Пишу о вас в самолете, дорогая, любимая моя Майя Михайловна! А где еще можно сосредоточиться и постараться установить с вами субтильную невидимую связь, как не в окружении бесконечно живых и бесконечно недосягаемых облаков? В вас было столько женского, сексуального хулиганства и ни грамма наносного пафоса матроны! Уйдя, вы будто встали в одну из своих знаменитых поз из “Кармен” – когда вы стреляете в зрителя ногой, кончиком пуанта, а потом наблюдаете за произведенным эффектом, не отводя глаз, бездонных, безмолвных, широко закрытых глаз. Вы нас видите насквозь. Мы только думаем, что видим. Уйдя, вы словно сделали свой знаменитый взмах руками на бис – и хватит с нас. Поменяв материальную оболочку, вы не дали ни малейшего шанса ассоциировать вас с принадлежностями похоронного ритуала. Ни венков, ни надгробий, ни речей, ни орденов на подушечках, ни даже музыки. Зачем? Вы и есть – сама музыка и будете вечно звучать в каждой ноте того единственного, любимого, кто теперь уже никогда не будет ходить утром на цыпочках по мюнхенской квартире, боясь вас разбудить, не рассмеется своей веснушчатой улыбкой в ответ на вашу шутку. А музыка, гениальная музыка, переживает всё: детей, славу, даже любовь, которой она рождена. Любовь развеивается пеплом, становится огнем, улетает в облака, принимающие формы и изгибы лебединых шей, а музыка продолжает жить.
Как-то мы с Майей Михайловной гуляли у пруда, в котором плавал лебедь, и она очень серьезно сказала: “Снимите программу о лебедях. Ничего, что немузыкальную. Я много смогу рассказать, я ведь очень вдумчиво изучала характер и повадки этих птиц. О, вы не знаете, какой у них характер!”
Что в ней было особенного? Постоянство. Это нечто более земное и надежное, чем верность. Духи: только
Из магазинов ей были интересны разве что маленькие бутики косметики. Как-то раз мы накупили много соблазнительных баночек с кремами, сыворотками, лосьонами. Пока я старательно надписывала на коробочках, что после чего наносить, и переводила, как все это нас омолодит, она мечтательно, за бокалом красного вина, сказала: “Сатенька!
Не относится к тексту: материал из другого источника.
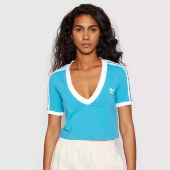 Adidas Women’s Light Blue V-Neck T-Shirt for Spring/Summer
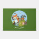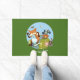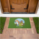 Don't forget to wipe your feet after your run. A door mat featuring an illustration of animals having a cross country long distance fun run. Fox effortlessly crosses the finish line in first place, with determined squirrel not far behind, and a tired badger over the hill in the rear. Enthusiastically supported by toad, sparrow, bumblebee and butterfly. An upbeat design for fans of running and cartoon animals. Change the default text to your preferred message or caption.
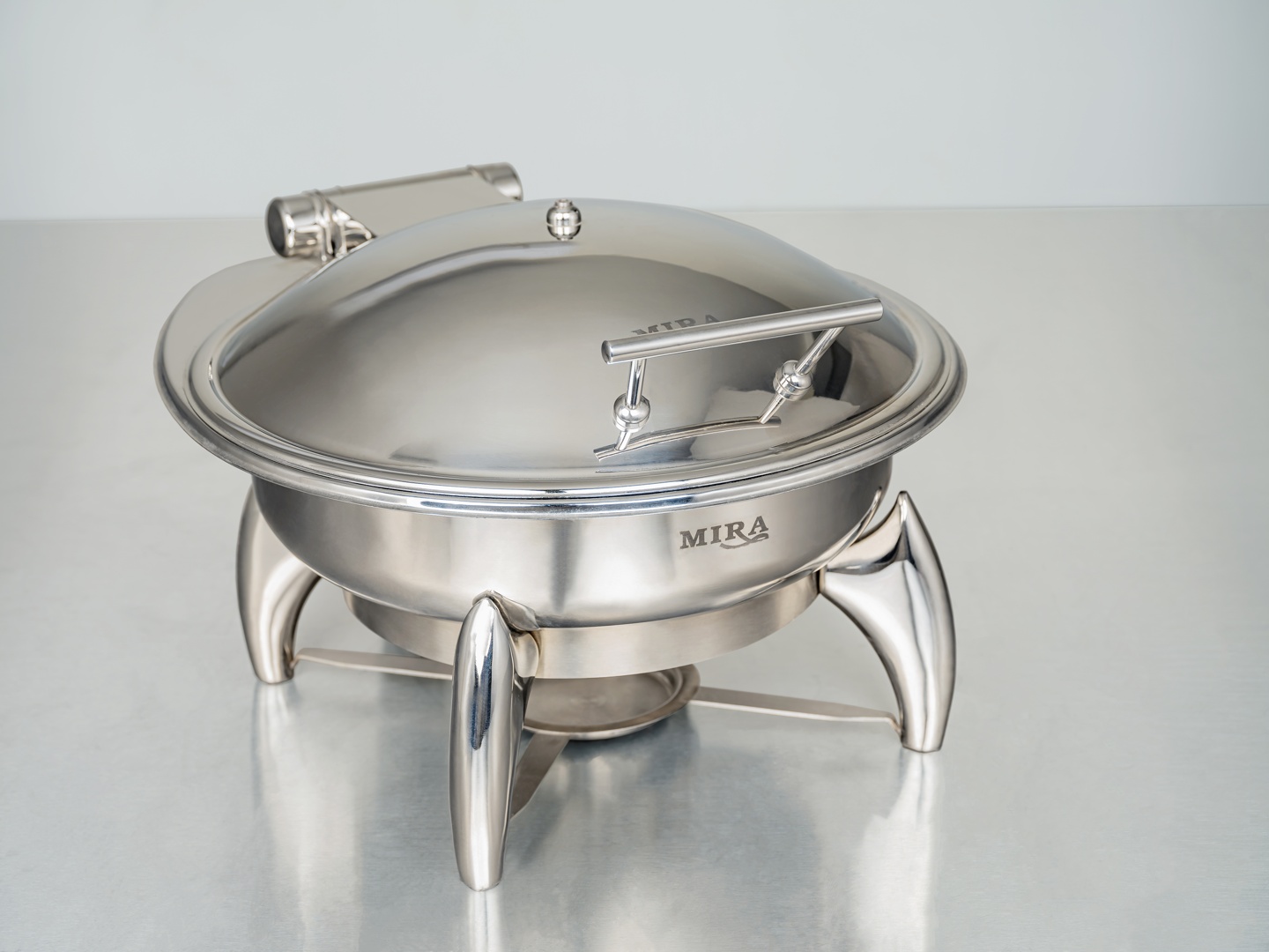 The Round Hydraulic Chafing Dish by Mira Steels is designed to deliver a seamless buffet serving experience for hotels, banquets, restaurants, and catering services worldwide. Built with premium stainless steel and a smooth hydraulic roll-top mechanism, this chafing dish combines elegance with practical functionality. Its round design provides easy accessibility for guests, while ensuring food remains warm, fresh, and visually appealing throughout service. Trusted across Africa, the Middle East, and international markets, this model reflects the superior craftsmanship of Mira Steels.
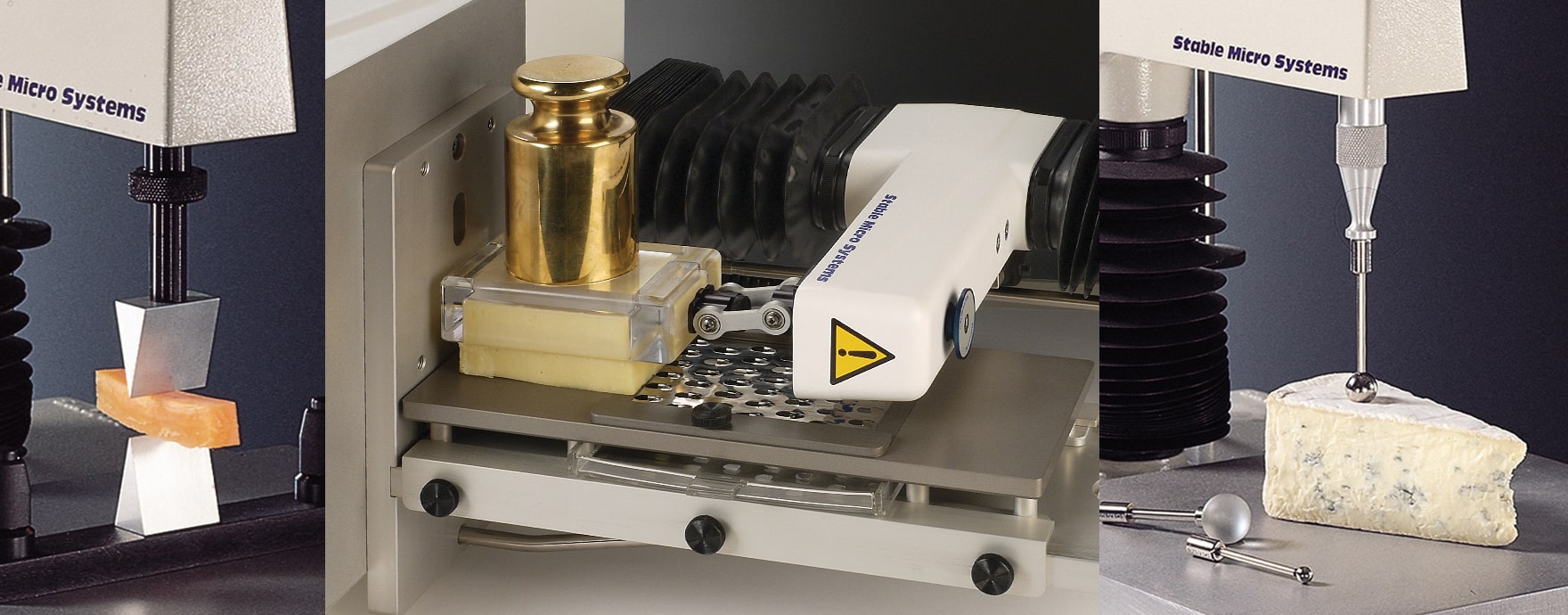 Cheese Grating Rig 可准确测量将奶酪磨碎所需的力。乳制品厂可以使用它来科学、客观和反复测量可切性,使他们能够完善奶酪配方以及生产和包装过程。 它与质构仪结合使用,包括一个由可互换的格纹面和一个样品块支架组成的平台,该样品块支架充当样品模板,并在测试期间将样品固定在适当的位置。质构仪以水平摆放使用,以确保对样品持续施加力。这种配置还意味着可以在多个周期内重复测试样本,而无需重新加载。类似地,样品上方的重物位置允许奶酪与平台面保持恒定接触,以实现一致的测量。该装置适应性强,提供两种类型的格纹面和一个刀片,用于测量切片性。这确保了真实的测试条件,并提供了有关奶酪质量和性能以及如何进行最佳加工的宝贵信息。 使用圆柱形或锥形探头对大于探头本身的样品进行测试被认为可以很好地指示奶酪的成熟度。这是法国一家主要的卡门培尔奶酪生产商目前使用的一种在线质量控制程序。使用球形探头对均匀产品进行小距离穿透测试可以测量奶酪的表面硬度以及成熟度。此外,通过测量穿透奶酪表面所需的力,可以比较其内部和外部的硬度。然而,越来越多的奶酪含有微粒,包括水果和其他内含物。测试一种产品中的不同元素不仅很棘手,而且通常会导致重现性低和数据误导。它可能会在最大和最小力阻力之间显示出很大的差异,这取决于探头是先接触到水果还是奶酪。 |
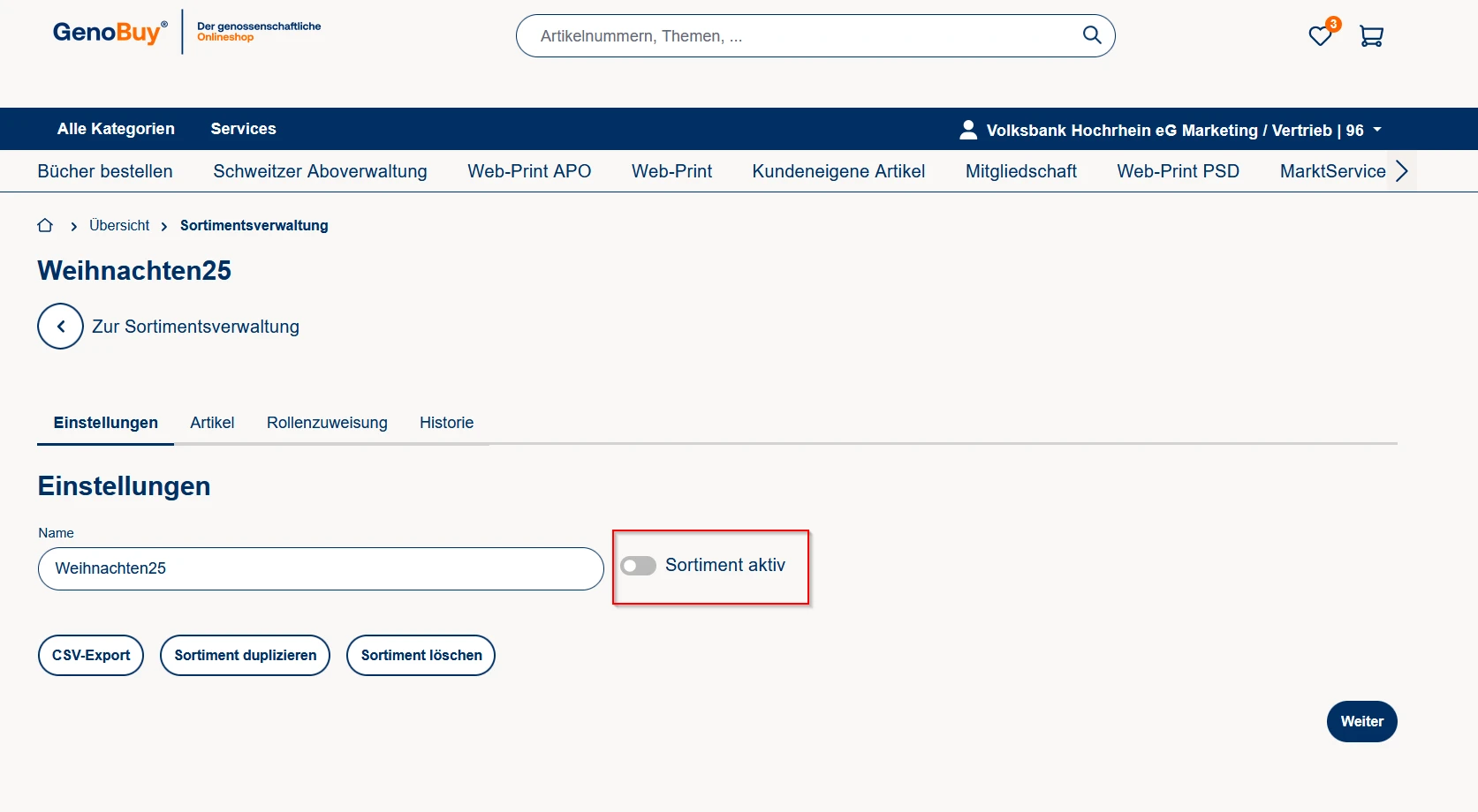 Nach dem Betätigen des Schiebereglers wird das Sortiment aktiviert und kann genutzt werden.

Конечно же, никакие кремы не убирают морщин, но лицо женщины как сад: бывает старый и запущенный, а бывает старый, но очень ухоженный”.
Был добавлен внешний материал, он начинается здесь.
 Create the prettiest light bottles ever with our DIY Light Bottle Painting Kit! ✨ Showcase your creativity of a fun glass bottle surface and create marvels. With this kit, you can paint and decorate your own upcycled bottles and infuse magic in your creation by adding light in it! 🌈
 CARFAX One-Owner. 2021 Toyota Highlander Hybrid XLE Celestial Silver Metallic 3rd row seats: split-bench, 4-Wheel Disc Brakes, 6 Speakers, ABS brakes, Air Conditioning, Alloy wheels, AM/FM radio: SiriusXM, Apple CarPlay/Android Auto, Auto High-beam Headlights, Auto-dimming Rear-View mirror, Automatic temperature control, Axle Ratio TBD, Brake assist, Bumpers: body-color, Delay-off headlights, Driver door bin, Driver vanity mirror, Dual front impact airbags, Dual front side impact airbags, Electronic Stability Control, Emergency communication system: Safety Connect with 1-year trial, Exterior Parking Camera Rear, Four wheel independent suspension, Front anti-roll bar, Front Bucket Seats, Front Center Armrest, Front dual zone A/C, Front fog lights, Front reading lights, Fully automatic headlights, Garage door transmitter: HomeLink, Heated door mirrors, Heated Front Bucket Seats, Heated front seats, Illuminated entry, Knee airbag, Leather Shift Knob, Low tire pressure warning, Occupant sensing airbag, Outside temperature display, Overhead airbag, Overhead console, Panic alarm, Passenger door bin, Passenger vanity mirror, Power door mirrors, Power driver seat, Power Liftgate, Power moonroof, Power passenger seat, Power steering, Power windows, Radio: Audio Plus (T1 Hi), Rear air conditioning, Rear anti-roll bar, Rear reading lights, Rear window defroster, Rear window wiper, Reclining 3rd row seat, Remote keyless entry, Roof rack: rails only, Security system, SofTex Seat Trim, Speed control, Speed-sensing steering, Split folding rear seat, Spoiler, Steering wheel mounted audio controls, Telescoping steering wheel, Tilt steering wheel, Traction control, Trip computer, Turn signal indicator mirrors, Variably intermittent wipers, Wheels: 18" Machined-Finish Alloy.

Было в ней, несмотря на то, что принято называть “звездным статусом”, вечное ученичество. Помню, после репетиции с Бежаром балета “Куразука” она, усталая и отчаявшаяся, прилегла прямо в сапожках поверх покрывала кровати у меня в парижской квартире и стала, как девочка, говорить, что ей неудобен один из элементов, поставленных сегодня мэтром. “Майечка Михална, ну давайте завтра скажем, что вам так не нравится, пусть поставит этот момент иначе”. – “Вы что?! Это же Бежар! Как я могу ему сказать что-то поперек?” В ней при всей величественности было столько нерастраченной девичьей нежности, о которой, мне кажется, мало кто догадывался! Она могла играть роковую красавицу, искусительницу, но с годами становилась всё лучезарнее – как солнце, катясь по небосводу, становится всё теплее и мягче.
В те дни весь Париж ломился на бежаровскую постановку с Плисецкой и Патриком Дюпоном. Интерес публики подогревался только что вышедшими мемуарами: “Я, Майя Плисецкая”. Она нервничала и волновалась, пока из Мюнхена не прилетел ее любимый Роба – Родион Щедрин. С лихим вызовом за час до премьеры она сказала мне: “Я же прекрасно понимаю: все идут сегодня посмотреть, на что я в свои почти семьдесят лет способна”. Она была способна на главное – магнетизировать тысячи одним лишь своим присутствием на сцене. Помню ее теорию о том, что, если привести папуаса в музей, он безошибочно остановится перед главным шедевром. Она была шедевром. В “Куразуке”, как и везде. В грим-уборной сижу рядом и не могу отвернуться от нее переодевающейся: ослепительно прекрасное гибкое тело, легкие, неискореженные мозолями ступни (неужели не кокетство, а правда это ее “Всегда была лентяйкой, ноги и тело на классах и репетициях не вымучивала. Поэтому, может, я так долго танцевала?”).